Will global trade pick up significantly this year?

Global trade contracted by about 12 percent in 2009 but has started to pick up, the head of the World Trade Organization (WTO) Pascal Lamy said. The WTO has revised its previous estimate of a contraction of about 10 percent in 2009 but declined to give a forecast for 2010.

Whether the pick-up in global trade is short term or sustainable is difficult to say.

“World trade has also been a casualty of this global economic crisis, contracting by about 12 percent in 2009,” Lamy said. He added that it’s a huge drop and the sharpest decline since the end of World War Two.

Asked about world trade in 2010, he declined to give any figure but said: “Certainly there is a pick-up. Whether this pick-up is short term or sustainable is difficult to say but we certainly are picking up.”

Lamy told a meeting organized by the European Policy Center think-tank that opening global trade offered a way out of the crisis and that it was “economically imperative” to conclude the Doha round of talks on a new global commerce pact.

So it seems global trade is picking up but even experts are not sure if it will continue to do so this year? What do you think? Will world trade pick-up this year? If so, how much do you forecast? Or is the rise we have seen so far this year just a temporary increase that will start declining again?

(Photo: Vita Vanaga Photo Xpress)

11 thoughts on “Will global trade pick up significantly this year?

  1. I believe it is too early to tell as the financial markets are still impaired and require much more reform. We're in a pendulum phase where it could swing either direction. I suggest that we step outside the box and debate whether or not an increase in global trade is a good thing if we are not engaged in fair trade and managing the earth's resources responsibly. The global economy is still depending upon a linear materials based model which has pillaged and plundered our planet and led to inequalities within developing and developed nations. Are global trade stats a reliable measure of progress if the system which influenced the global recession has not changed? As far as Wall Street is concerned, it is business as usual.

  2. I'm not suggesting that global trade should not increase. On the contrary, global trade is absolutely vital to the global economy. Unfortunately, the greed of the financial markets precipitated the meltdown and tens of millions of people in the developing world sunk into deeper poverty due to a series of policies and actions which they had nothing to do with.

    Global trade is essential provided we make every effort to make sure that the inequalities are being eliminated. What I am stating is that when global trade increases, and hopefully soon, that we do not lull back into the belief that all is well and we take the finger off the pulse of the patient.
    I am placing the topic of global trade in a philosophical context and suggest that we need to engage in smart trade, trade which is based upon environmentally, socially and economically sustainable principles.
    Trade for the sake of trade is a temporary bandaid and doesn't really address the systemic problems. Globalization has been a major cause for the huge increase in migration to urban areas, thus creating shanty towns and more social decay.

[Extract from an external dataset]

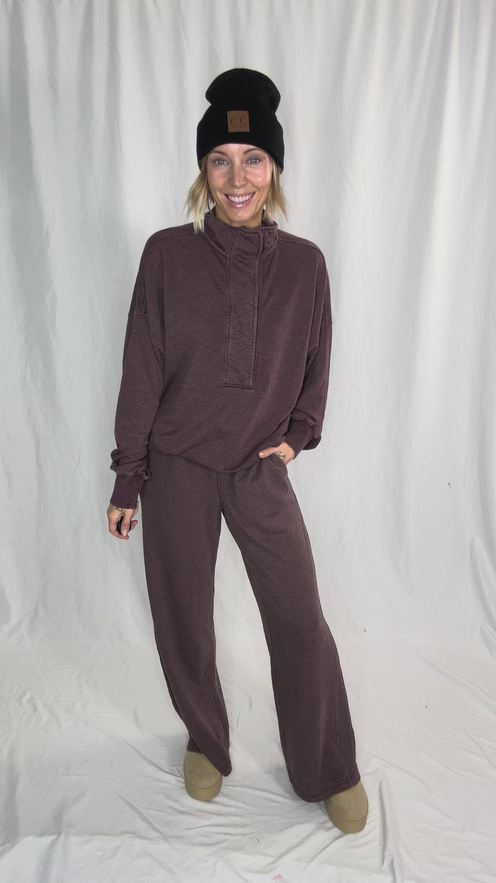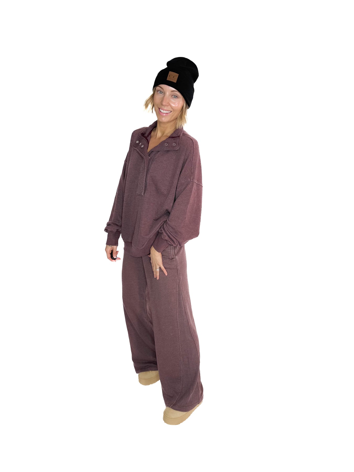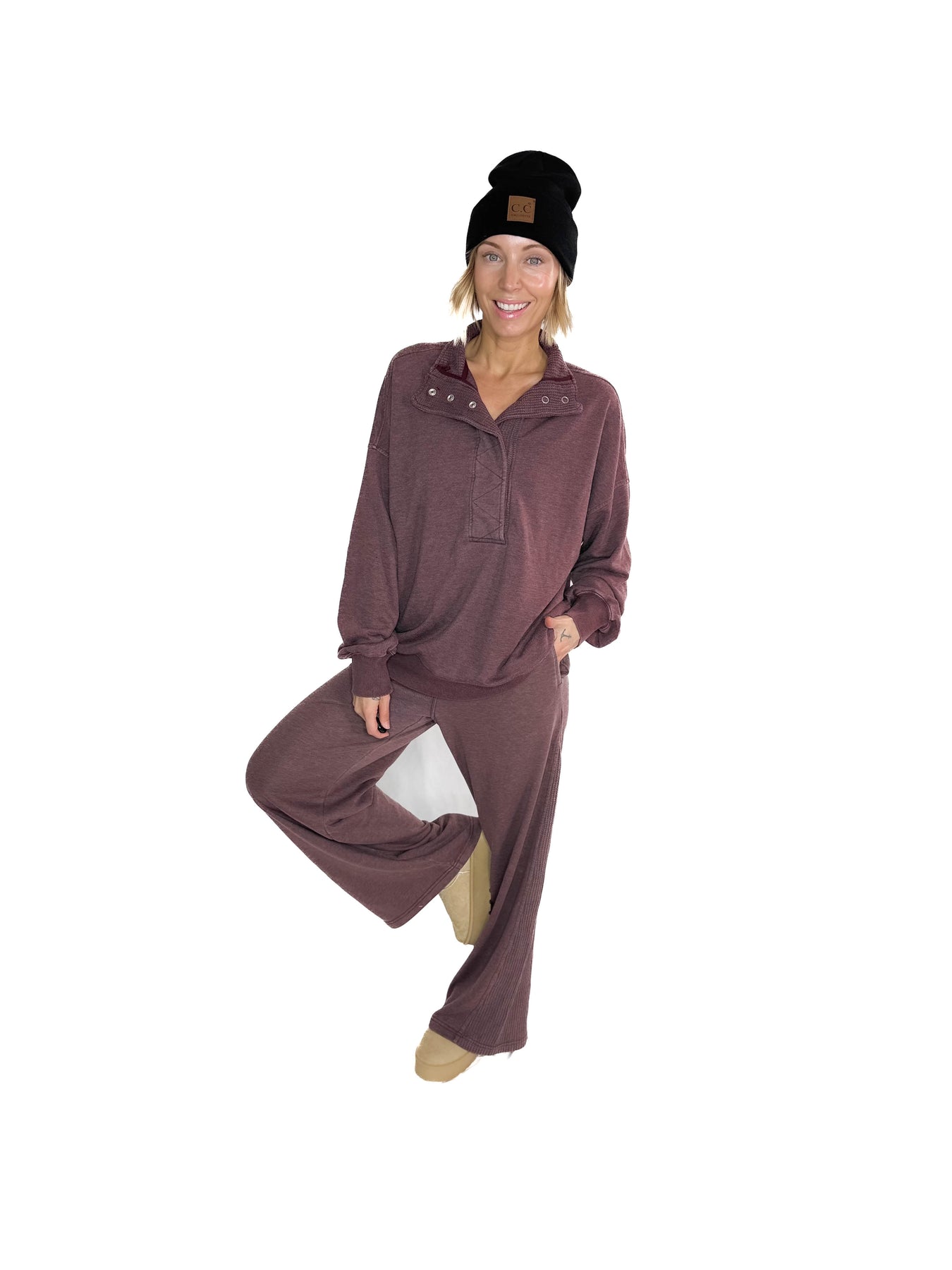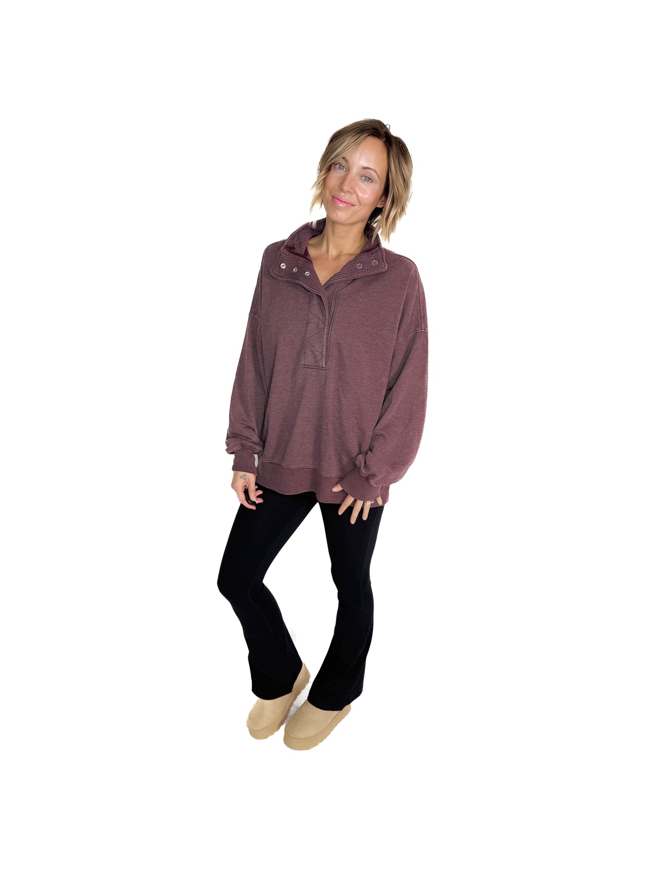 Margot 1/2 Snap Pullover- DARK CHERRY
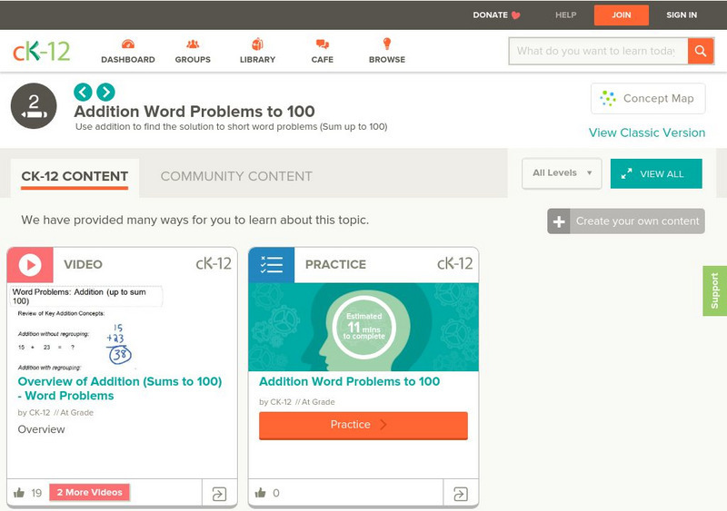 Ck 12: Elem Math: Overview of Addition Sums to 100 Word Problems

  3. I agree that it's too early to tell – the EU issues are still unquantified and the US is not out of the woods yet, either. China is trying to ramp domestic spend to keep its manufacturing engines going, but if this doesn't work as well as is needed, manufacturing there will need to decline which will mean fewer raw-material imports, so impacting global trade further.

    We live in uncertain times…

  4. It certainly seems that global trade is picking up. However, there are many obstacles that will need to be addressed even if it does pick up. Here are just a couple that come to mind. I am extremely interested in active feedback to these issues and others that you think of.

    1. Will global trade create jobs?
    2. Will the jobs that are created actually help to sustain basic needs such as housing, food, medicine, shelter?
    3. Will the creation of these jobs result in increased demand for the products?
    4. Will it be possible to bridge the gap between third wold nations and the so called economic powers?
    5. What do we do about import and export tarrifs?
    6. How do we regulate quality of manufacturing?

    1. David, I do not believe that the jobs that have been lost during the recession will be re-created. And throughout history there has been rich and poor and it will continue to be so. Don't forget that those tariffs are huge earners for developing countries.

      When it comes to quality of manufacturing that is declining everywhere. It is no better in Sweden than in developing countries. And all because companies use materials of inferior quality to make profits.

  5. Catarina,
    Great questions! Capitol Hill, in America, announced that we need 400,000 new jobs a month this year to get back where we were economically before the economic 'collapse.' When looking at other states, such as China for example, I see growth. Therefore I do feel that global trade will pick up for thriving countries, but I think that the real question is who will be the 'winners' and who will be the 'losers.' This is a great discussion and I'm glad to see you bring it to attention.